British Black Gospel, Part 1: From the Plantation to the Palace
Steve Alexander Smith is the writer of British Black Gospel, a book which traces the roots of Gospel in Britain. Exclusively for MOBO.com, Smith will be provding an overview of the world leading US Gospel market, and how it compares historically and economically to its British counterpart - taking us from the origins of British black gospel up to the present day. You can find out more about the British Black Gospel book on Amazon.
Between 1861 and 1865 America was locked in a desperate and bloody struggle over the issue of slavery. The Northern states were victorious and the confederate southerners crushed. When the dense smoke of the battlefield cleared, a new generation of African-Americans emerged. From 1866 onwards a new moral campaign would be fought on many fronts giving birth to Martin Luther King’s civil rights movement 100 years later.
In 1871 black students from Fisk University in Tennessee USA formed a choir with one single objective in mind, which was to raise badly needed funds for an educational establishment which was threatened with closure. The right of a free slave to be educated was the driving motive behind the 11-membered negro-spiritual choir who took a brave step into the unknown. The United states mainstream at this moment in time were not ready for a performance from such people unless it drew from the minstrel tradition. White audiences appreciated them on stage but their hotel accommodation and travel remained racially segregated, despite this, the performances were dignified and skilful.
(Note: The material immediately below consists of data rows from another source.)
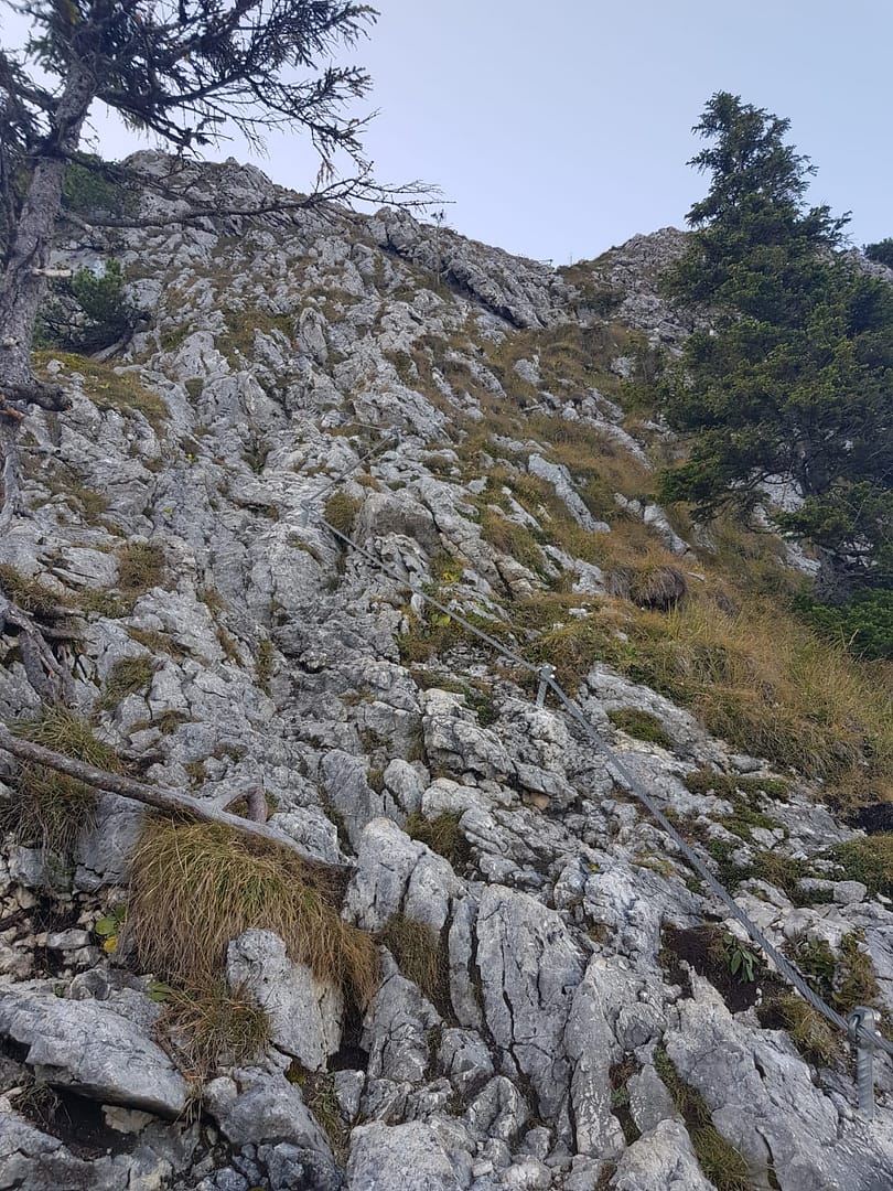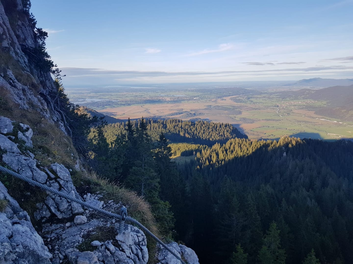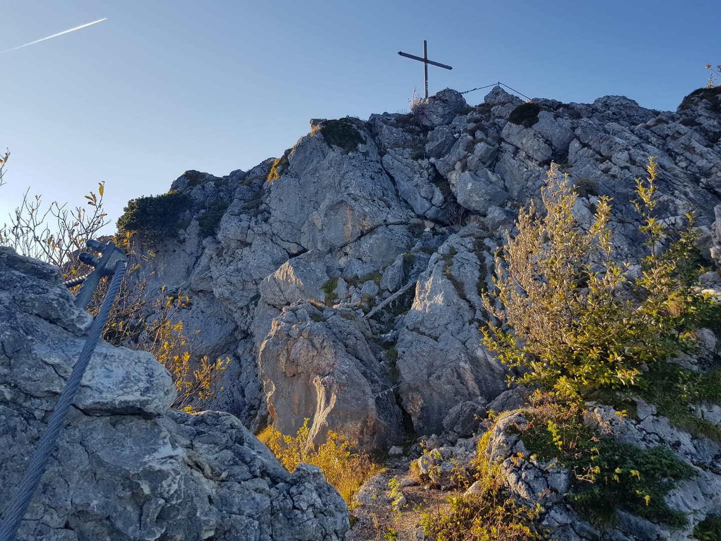 Den Gipfelaufbau umrundet startet die Kletterpassage (auch A/B Klettersteig), welche mit einem Stahlseil gesichert ist. Ich hatte kein Klettersteigset dabei und habe mich an der Kraxelei erfreut. Bereits nach wenigen Minuten sieht man das Gipfelkreuz vom Ettaler Manndl und hat von oben einen tollen 360° Ausblick. Direkt gegenüber ist die Bergstation vom Laber.
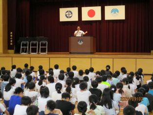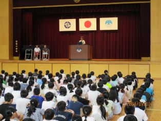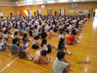 | 夏休みが終わり、集会を行いました。久しぶりに会う友達と夏休みの思い出を楽しそうに話す明るい声であふれていました。 | |||
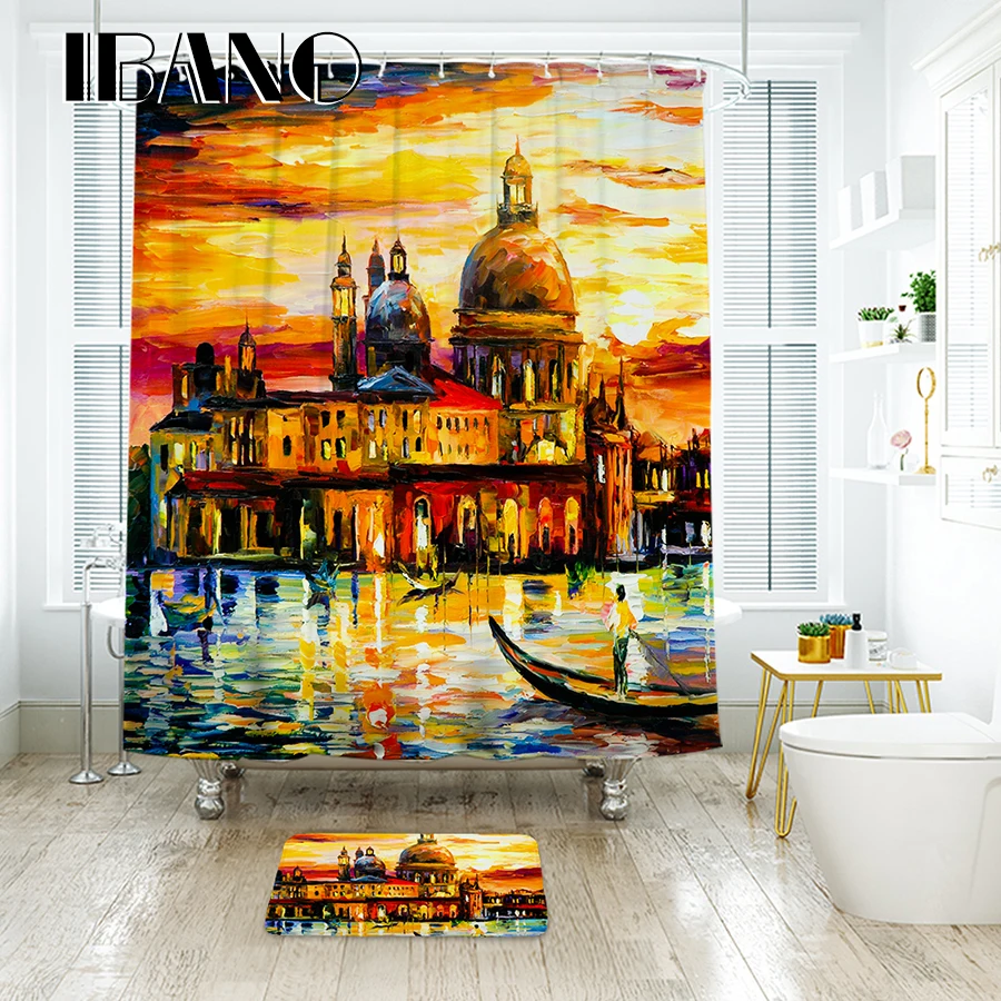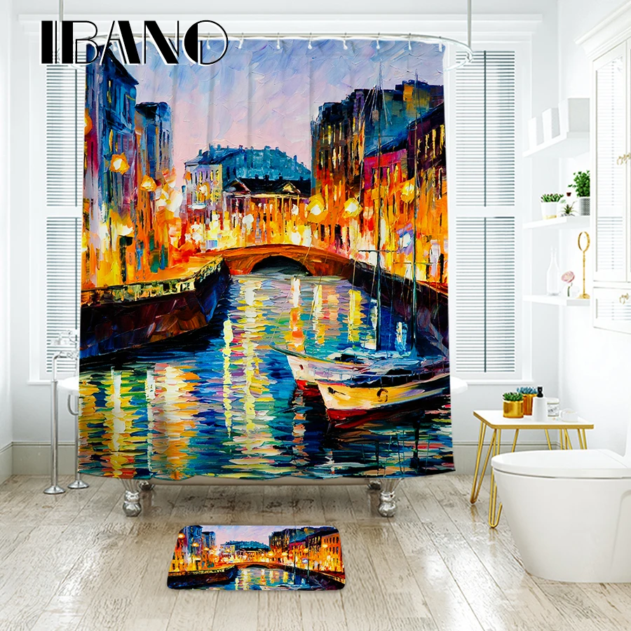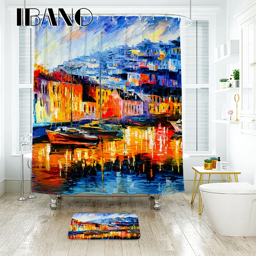 TOP IBANO Scenic Oil Painting Shower Curtain Waterproof Polyester Fabric Bath Curtain For The Bathroom
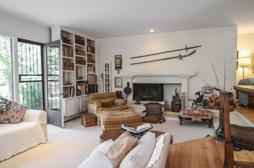 The 875 sq. foot master bedroom, like the rest of the house, is on different levels: the upper area has a king bed, hardwood floors, an opening skylight for star-gazing at night, a large window seat with cushions, more bookcases and a glass door to a small balcony. An 1890’s armoire from an historic Aspen home – The Floradora – contains the television.
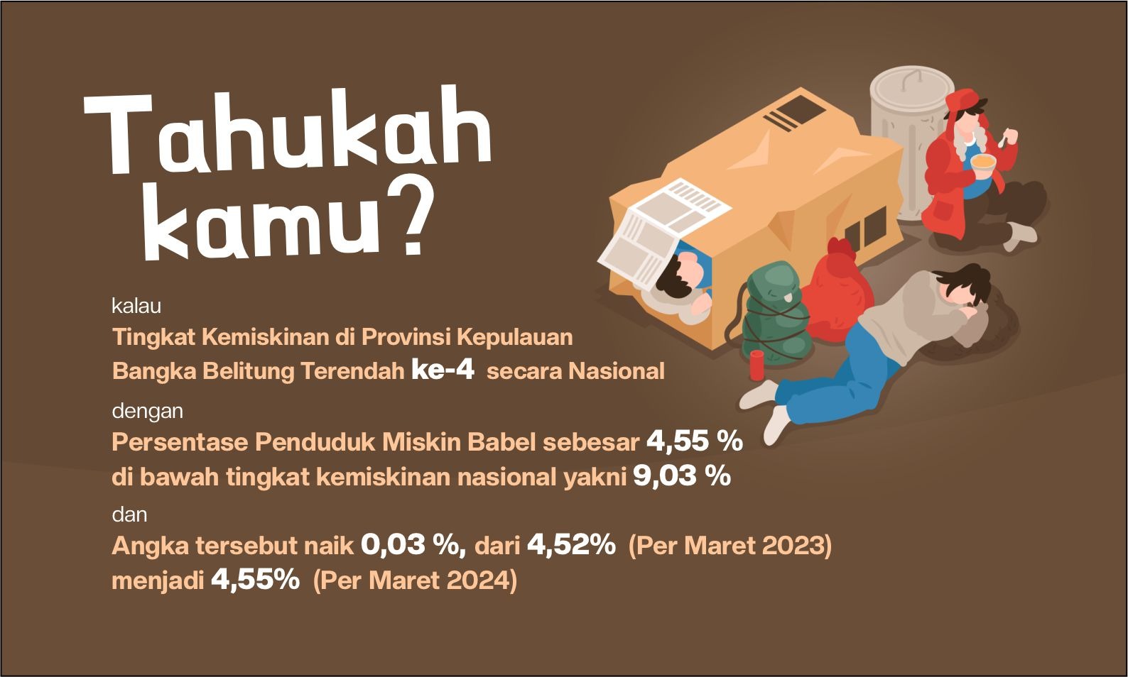 Meskipun angka tersebut naik 0,03 %, dari 4,52% (Per Maret 2023) menjadi 4,55% (Per Maret 2024), namun Persentase penduduk miskin Kep. Babel sebesar 4,55 % ini masih berada di bawah tingkat kemiskinan nasional yakni 9,03 %.
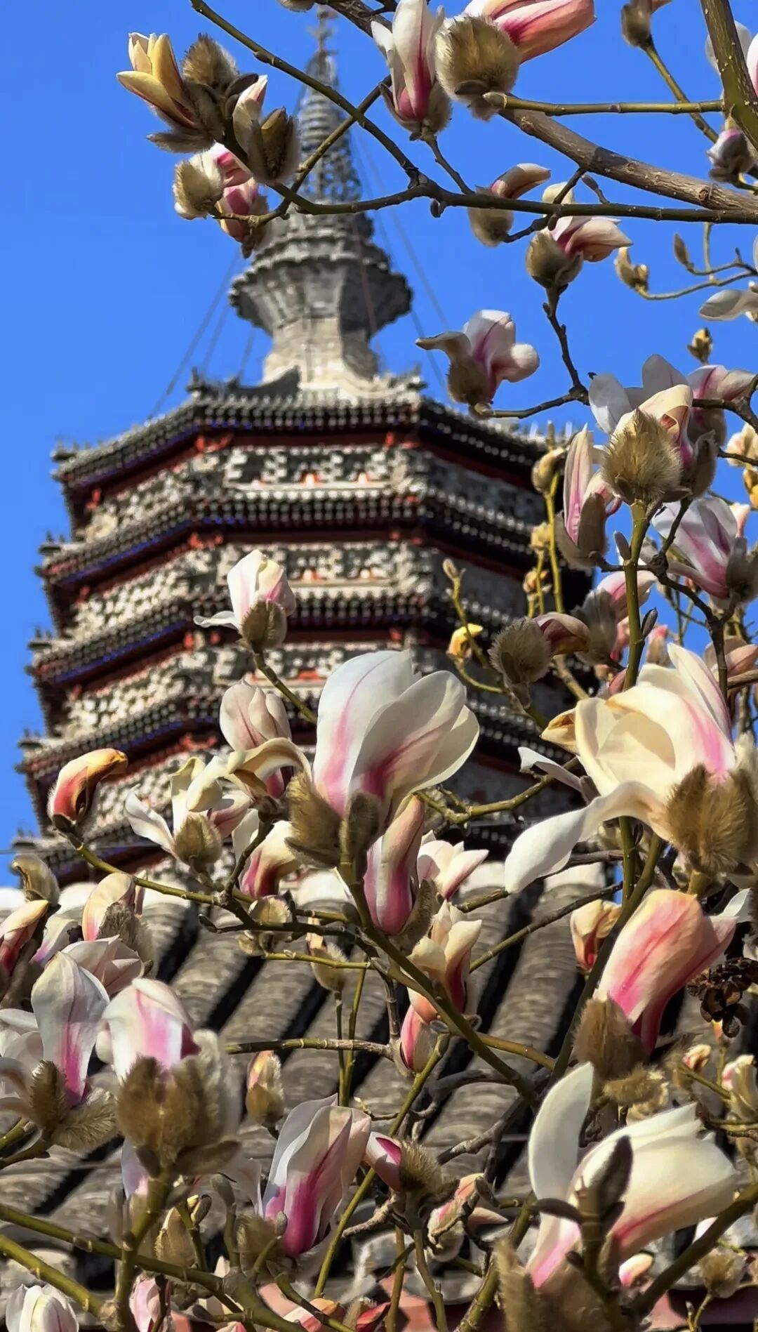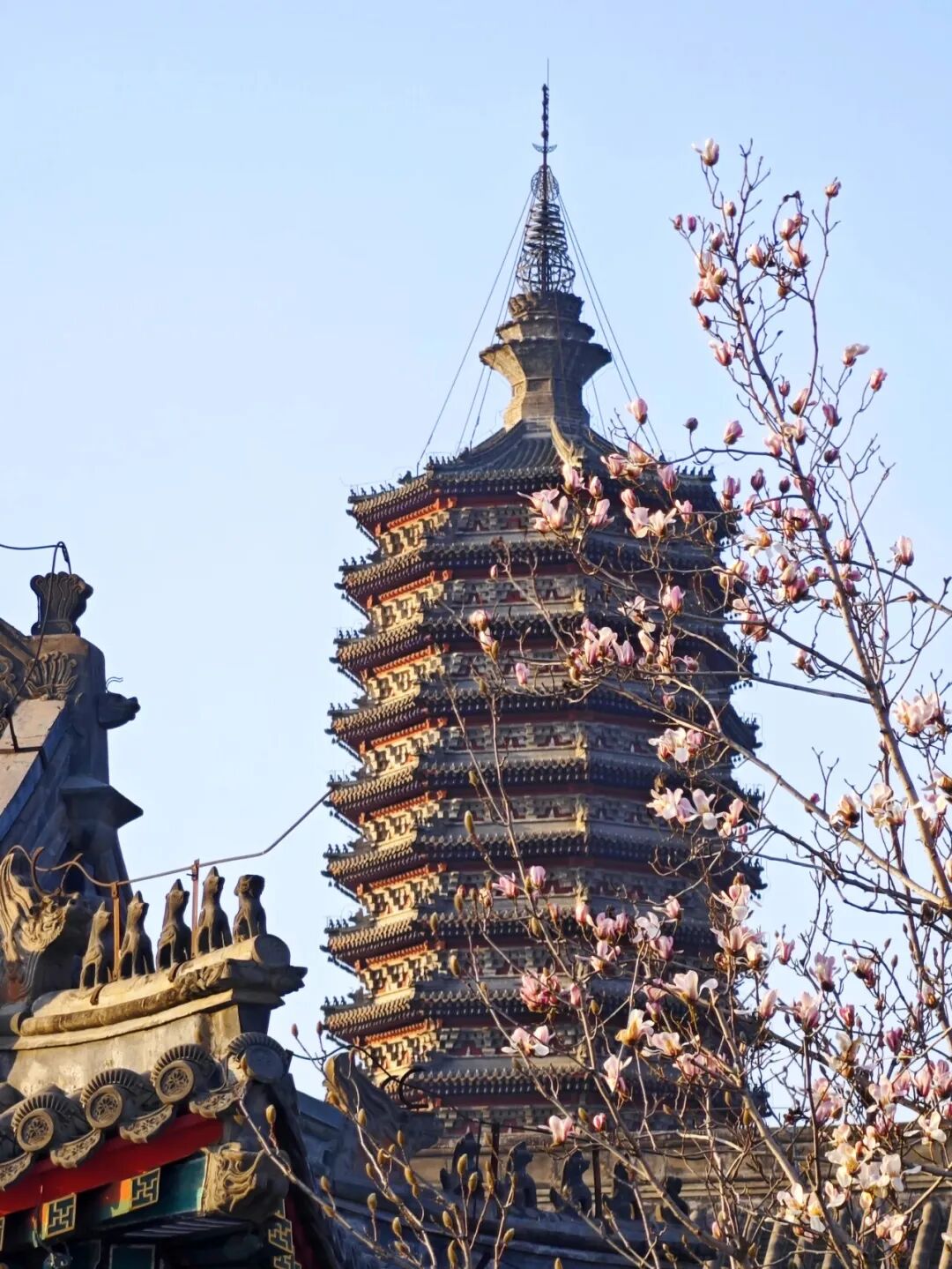 花瓣映衬着古塔与朱墙
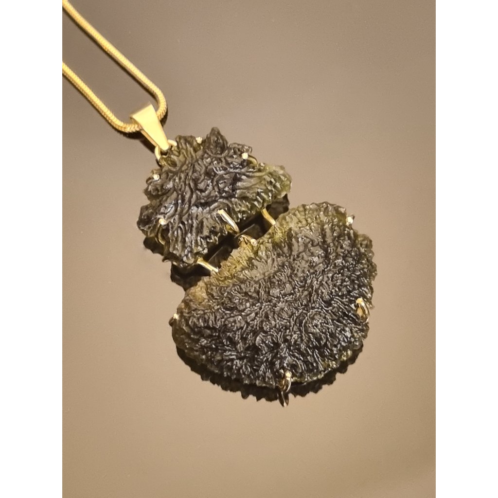 Tento ručně vyrobený zlatý přívěsek se dvěma nádhernými vltavíny je šperk, který si zaslouží být i dědictvím pro další generace.
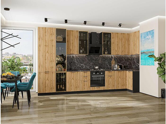 Кухня угловая Флэт-05 Wotan Oak 2S/Graphite Полки Стекло 2340*4000/1000*600
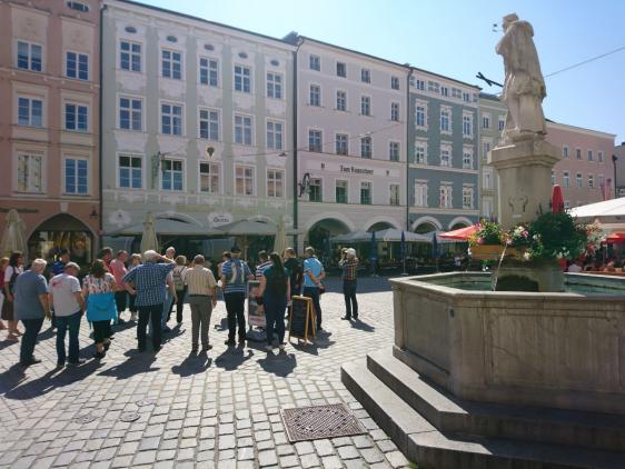 Nachdem wir in Niedersachsen auf ein Buffet zum Frühstück verzichten mussten, durften wir hier, wie auch schon in Weiden, ein Frühstücksbuffet genießen. Das Frühstück war hervorragend und stärkte uns für den Tag, der mit einer "Rosenheim-Cops Stadtführung" für uns begann. Die Teilnahme an der besonderen Führung war im Hotelpreis inbegriffen. Volker war der Einzige aus unserer Runde, der die Serie "Rosenheim Cops" noch nicht kannte. Bin gespannt ob er diese "Bildungslücke" mittlerweile geschlossen hat. :-) |
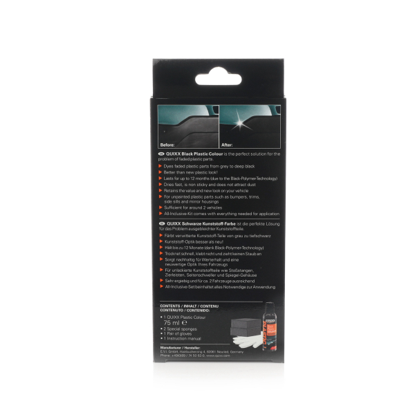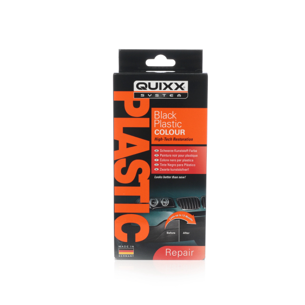 Quixx Black Plastic Colour er et komplet sæt, som anvendes til at give de sorte plastik detaljer sin dybe sorte farve tilbage. Med årene slides plastikken og bliver matte, solblegede og får en grålig tone. Med Quixx BT-teknik (Black Polymer Technology) får du enkelt den dybe farve tilbage og får detaljerne til at se helt nye ud! Den højpræsterende snavsafvisende UV-beskyttelse giver plast detaljerne en god beskyttelse i op til 12 måneder.
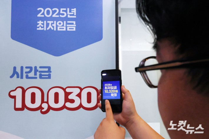 내년 최저임금이 올해보다 2.9% 오른 시간당 1만320원으로 결정된 가운데 11일 서울 마포구 서부고용복지플러스센터에 2025년 최저임금 안내판이 놓여 있다. 내년 최저임금은 2008년 이후 17년 만에 근로자·사용자·공익위원 합의로 결정됐다.
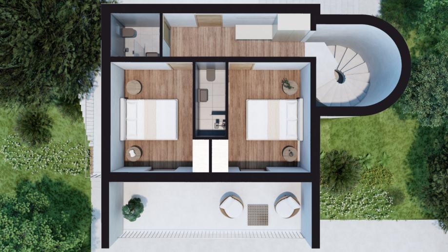 ukopana garaža za 3 vozila na stražnjoj strani kuće

In 1873 the choir took their voices to Europe, beginning in Britain, the doorway to a European campaign that would leave an impression for many years to come. The British, who abolished slavery in 1807 received the Fisks with open arms and embraced the Spirituals in cities the length and breadth of the country. Without the benefit of TV or Radio many within this era were hearing what the national newspapers had dubbed ‘a stranger enchanting sound’, for the first time.
This historic trip to England absorbed a myriad experiences such as the opportunity to sing before the great Queen Victoria, a legendary Prime Minister and thousands of people across the social spectrum. Academics of music listened and analysed a musical outpouring that penetrated their minds and souls.
Although funds were raised far in excess of what was required to save their University back home, these ex-slaves saw in Britain an environment where they were treated with the dignity and respect that eluded the black man back home. After the tour, which later took in an equally successful adventure on the European continent, some members of the troupe, one being Tenor singer and negro-spiritual tutor Thomas Rutling refused to return to America and eventually settled down in North Yorkshire.
In a bizarre twist to the Fisk Jubilee Story, one of the songs that they introduced to our shores, ‘Swing Low Sweet Chariot’ went on to become the regular battle cry for rugby union fans in stadiums across the country. The song also became rooted in UK Chart and BBC TV sport history when reggae band UB40 performed it as a theme to the televised 2003 Australian world cup tournament.
England went on to win the competition and a plantation song that was introduced to the British public over 100 years earlier became the inspiration for a great victory.